Même vis-à-vis de sa famille, c’est le silence qui règne. Irène nous raconte «  Il y a eu des petits passages. Très petits. Parce que papa ne racontait rien. Et quand il a commencé à témoigner c’était aux autres, jamais à nous. C’est une certaine pudeur qui était en lui. Nous nous sommes documentés nous-mêmes. Papa faisait plutôt des blagues, et beaucoup de dérision, sur les nazis. Nous n’avons jamais été élevés dans la haine des Allemands à la maison mais les nazis, il n’y a pas de pardon, il n’y en aura jamais. »

Pour expliquer ce silence, son père embraie :  » Quand je me suis marié, je n’ai pas voulu assombrir mon futur. C’est tout. Ne pas trop raconter. Je me suis toujours posé la question : est-ce qu’on me croira ? C’est venu beaucoup plus tard. Parce qu’un jour, on m’a demandé de raconter. »

Le retour parmi les vivants

« J’avais une petite chambre avec lit. Un jour, deux amis me disent, « Henri : il y a trentaine de jeunes gens qui organisent une petite fête dans une maison de particuliers !  » Il y avait 4 ou 5 musiciens et les autres dansaient. Il n’y avait pas grand-chose après la guerre. Il y en a un qui vient près de moi et qui me dit : Va là-bas, va danser. Je lui ai répondu : tu me prends pour qui ? Moi danser ? Je n’ai pas du tout l’esprit à cela. J’avais récupéré un peu de force mais ça ne me disait rien. Et puis je n’ai jamais appris à danser, je ne savais même pas ce que ça voulait dire. »

Henri Kichka avait 14 ans au moment ou la guerre éclate, 16 quand il est déporté et 19 quand il revient en Belgique. Ses années de sa vie, il les a d’ailleurs racontées dans un livre « Une adolescence perdue dans la nuit des camps. »

Son ami présent à cette soirée, lui montre une jeune fille et lui propose d’essayer de danser avec elle.  » Oulala ! On me lève, on me pousse sur la piste, et on me jette la jeune fille dans les bras.

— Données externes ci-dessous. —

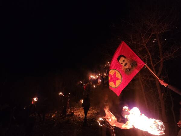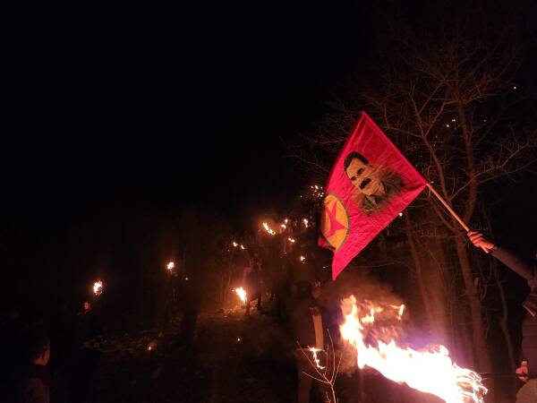 Bi sedan ciwanên Kurd wekî her sal bi meşaleyan li Qendîlê meşiyan û agirê Newroza îsal vêxistin. Ciwanan bi agir “Apo” nivîsandin. Di meşê de ciwanan bê navber dirûşmeyên dilsoziya bi Rêber Apo re berzkirin.

Elle était jolie, elle était très bien habillée, je me dis ce que ça à avoir avec mon pyjama de déporté ? On dirait une déesse. Elle s’approche de moi et me dit :  » Monsieur, voulez-vous danser ?  » Mais je ne sais pas danser. Elle ne savait pas qui j’étais, ce que j’étais. On a commencé à danser, je tremblais, je ne savais pas ou je devais poser mes jambes. Pendant qu’on dansait, elle m’a demandé, pourquoi à mon âge, je ne savais pas danser. Et puis c’est sorti, je lui ai dit la vérité. OOOh ce n’est pas vrai répond-elle. Venez, je vais vous apprendre à danser et oublier ça. »

La transmission de la mémoire

C’est le début de la reconstruction. Grâce à Lucia Swierczynski, qu’il épousera quelque temps plus tard. Lui qui n’avait plus de famille va en fonder une. Et pour la protéger, il ne leur racontera rien.

«  Papa est revenu de loin, ça ne doit pas mourir dans les oubliettes de l’histoire. C’est important. On prend un peu le relais en vidant ce que nous avons vécu aussi. Parce que c’est très lourd à porter. C’est un vide lourd. Un passé lourd. Et nous sommes marqués indirectement par ce silence qui a été trop long pour nous. Et maintenant on ne se lâche plus. On a envie de savoir et si je ne le demande pas à papa, je me documente et je parle avec d’autres gens. » raconte Irène.

Sur les murs de la chambre d’Henri, elles sont partout les photos de cette famille nombreuse qu’il a engendrée. Une cinquantaine de personnes au total qui l’entourent. Henri Kichka a passé pratiquement une heure à répondre aux questions. Il dit en souriant qu’il faudrait au moins 4 ans pour pouvoir tout raconter.

Au moment de se quitter je le remercie de sa gentillesse et de sa disponibilité. Il dit que c’est lui qui nous remercie de l’avoir écouté, visiblement content d’avoir pu, une fois encore, témoigner.